In utero stem cell transplantation involves extracting bone marrow from the pregnant woman between the 18th to 25th week of pregnancy. The bone marrow cells are processed and hematopoietic cells — immature stem cells that can evolve into all types of blood cells — are singled out from the mix. They are then injected through the woman’s abdomen into the umbilical vein of the fetus, where they can circulate through the bloodstream, developing into healthy, mature blood cells.

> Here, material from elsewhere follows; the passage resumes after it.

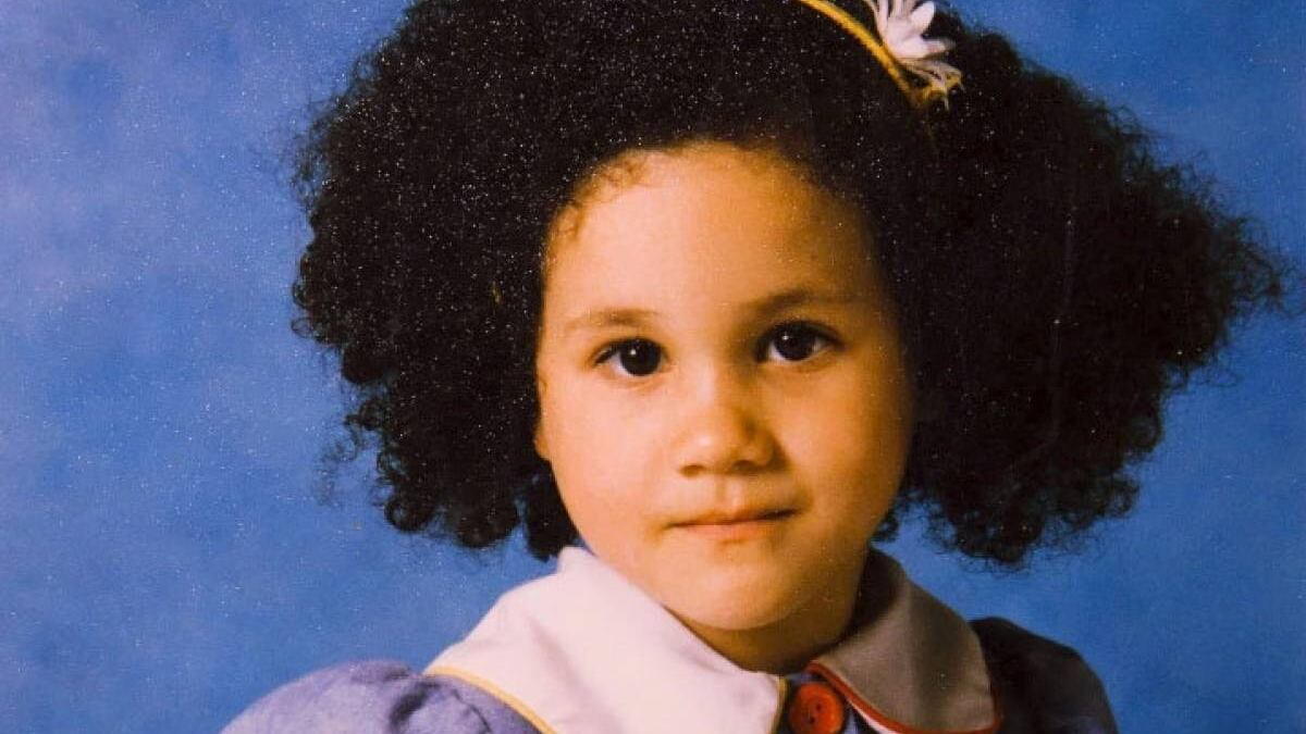 De niña, Meghan Markle lucía un peinado afro, acorde con sus raíces afroamericanas. Hija de madre negra y padre blanco, Meghan nunca ha ocultado el orgullo que siente por ser de raza mixta pero de adulta optó por un look de cabello liso.

In utero stem cell transplants were initially attempted in the 1990s to treat fetuses with known genetic disorders, but were only successful in treating immune deficiency disorders. With current advances in the understanding of the fetal immune system, the researchers were able to design a new strategy of infusing a large dose of the mother’s cells, which they hope will have a greater chance of success. After the team has established safety in 10 patients, it will assess whether or how the protocol needs to change further to provide an effective therapy. Even if a small percentage of the mother’s cells engraft, the patient may be able to get a second “booster” transplant from the mother in the future.

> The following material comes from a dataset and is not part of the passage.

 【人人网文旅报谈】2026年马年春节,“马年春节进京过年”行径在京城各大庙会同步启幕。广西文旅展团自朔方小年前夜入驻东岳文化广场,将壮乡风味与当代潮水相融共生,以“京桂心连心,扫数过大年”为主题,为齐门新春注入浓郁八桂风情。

“Once universally fatal, thalassemia can now be managed as a chronic disease,” said Elliott Vichinsky, M.D., who is overseeing the baby’s treatment and is the founder of the Northern California Comprehensive Thalassemia Center at UCSF Benioff Children’s Hospital Oakland. “In utero stem-cell transplantation may take it one step further: as a disease that can be successfully treated before birth.”
Vichinsky said that future plans may include using in utero stem cells to treat beta thalassemia, the more common type of the disease, as well as sickle cell anemia and other serious and life-threatening genetic disorders.